The Washington Post has a good piece today looking at Rep. Peter King's prior relationships with his Muslim constituents prior to 9/11 in the lead up to King's Muslim HUAC hearings. While King previously had a good relationship with Muslim leaders in his district, their reaction to 9/11 and their willingness to blame an Israeli conspiracy for the attacks led to a falling out that seems to have colored King's views of Muslims ever since.
This paragraph popped out at me:
But for some of King's Muslim constituents, his most hurtful words came in the form of his 2004 novel, "Vale of Tears." The story revolves around a fictional congressman who stumbles across a plan by terrorists -- who are associated with a Long Island mosque and work with al-Qaeda and remnants of the Irish Republican Army -- that could kill hundreds.

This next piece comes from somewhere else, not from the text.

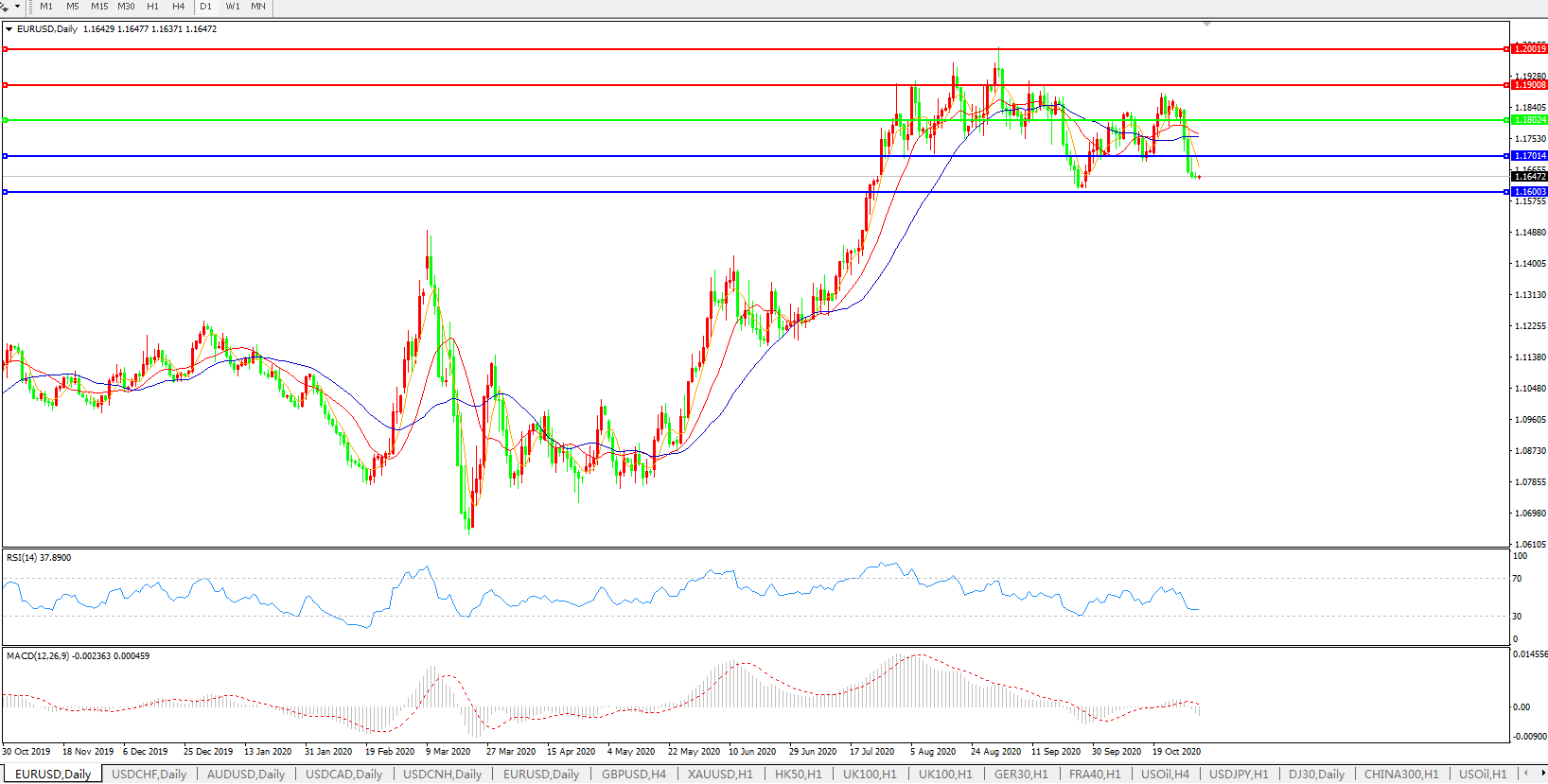 欧元兑美元在周五日内反攻1.17关口失利,表现仍然疲软;虽然日内欧元区GDP数据显示各国经济在三季度都录得恢复性增长,但眼下重新开始的新一轮封锁却令这一系列数据变得毫无意义,经济前景仍然低迷且困境重重,这使得欧元日内继续跑输多数G10货币;而与此同时,美国大选选情的不确定性还带来着额外的顾虑,这虽然暂时遏制了美元指数升幅,令欧元汇价不至于立即破位,但欧元后市走势前景却仍然悲观。一旦下周美国大选尘埃落定,欧洲市场风险继续的状况将推动美元指数报复性上升,从而推动欧系货币进一步下探,失守前低1.1612将意味着通往1.15关口的下跌通道被进一步打开。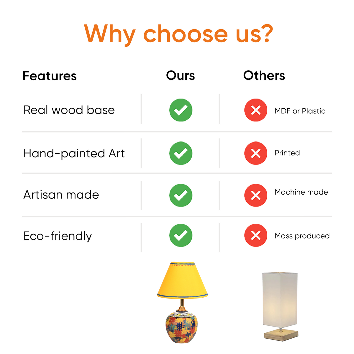 Product Size (LxBxH): Lamp Base - 13.9x13.9x12.7, Lamp Shade - 20.3x20.3x13.9, TH - 31.7 (All Dimensions in CM)

King dedicated the novel to "those who were murdered on September 11" and explained his purpose in the preface: "It describes how vulnerable we can become if we lower our guard -- for even the slightest moment -- and if we fail to recognize that our terrorist foes comprise a worldwide network with operatives active within our borders."
King was once the Irish Republican Army's biggest congressional supporter, calling it "the legitimate voice of occupied Ireland." King was a prominent fundraiser for "Noraid" an analogue to the kind of Islamic charities that secretly funnel money to terrorists. Georgetown Law professor David Cole told Mother Jones that King's activities in support of the IRA would "without a doubt" constitute a violation of the material support for terrorism statute today.

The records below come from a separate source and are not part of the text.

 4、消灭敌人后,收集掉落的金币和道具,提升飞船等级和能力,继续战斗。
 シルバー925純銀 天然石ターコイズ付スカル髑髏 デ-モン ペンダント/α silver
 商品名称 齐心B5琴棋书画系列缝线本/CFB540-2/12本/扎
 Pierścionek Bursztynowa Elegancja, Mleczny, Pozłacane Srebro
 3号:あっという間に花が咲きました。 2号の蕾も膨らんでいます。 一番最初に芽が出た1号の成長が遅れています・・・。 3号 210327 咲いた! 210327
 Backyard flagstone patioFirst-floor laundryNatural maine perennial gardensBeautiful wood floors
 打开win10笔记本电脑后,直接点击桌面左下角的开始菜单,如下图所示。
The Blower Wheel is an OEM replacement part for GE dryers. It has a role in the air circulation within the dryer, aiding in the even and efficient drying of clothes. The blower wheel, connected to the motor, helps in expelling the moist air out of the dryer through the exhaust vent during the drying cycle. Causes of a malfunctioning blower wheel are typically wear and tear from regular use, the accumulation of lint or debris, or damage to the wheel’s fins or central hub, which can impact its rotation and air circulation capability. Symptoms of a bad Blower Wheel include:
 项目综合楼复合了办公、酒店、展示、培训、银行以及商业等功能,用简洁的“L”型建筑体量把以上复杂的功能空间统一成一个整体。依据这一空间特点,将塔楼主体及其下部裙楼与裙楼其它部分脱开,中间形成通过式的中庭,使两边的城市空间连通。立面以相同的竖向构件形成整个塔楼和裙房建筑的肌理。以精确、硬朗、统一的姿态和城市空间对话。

King's love affair with the IRA ended shortly after 9/11 as well, because King said his former allies had adopted a "knee-jerk anti-Americanism" in response to American military interventions in Iraq and Afghanistan. But it's still extraordinary that someone as actively supportive of the use of political violence in the past as King would be running these hearings.
His decision to take some kind of bizarre emotional revenge by slapping his former allies together in a novel with an implausible plot in which violent Islamic extremists somehow lose their distaste for "infidels" and the IRA suddenly decide they'd like to start targeting the United States is also really strange, but I find myself wishing King had stopped there.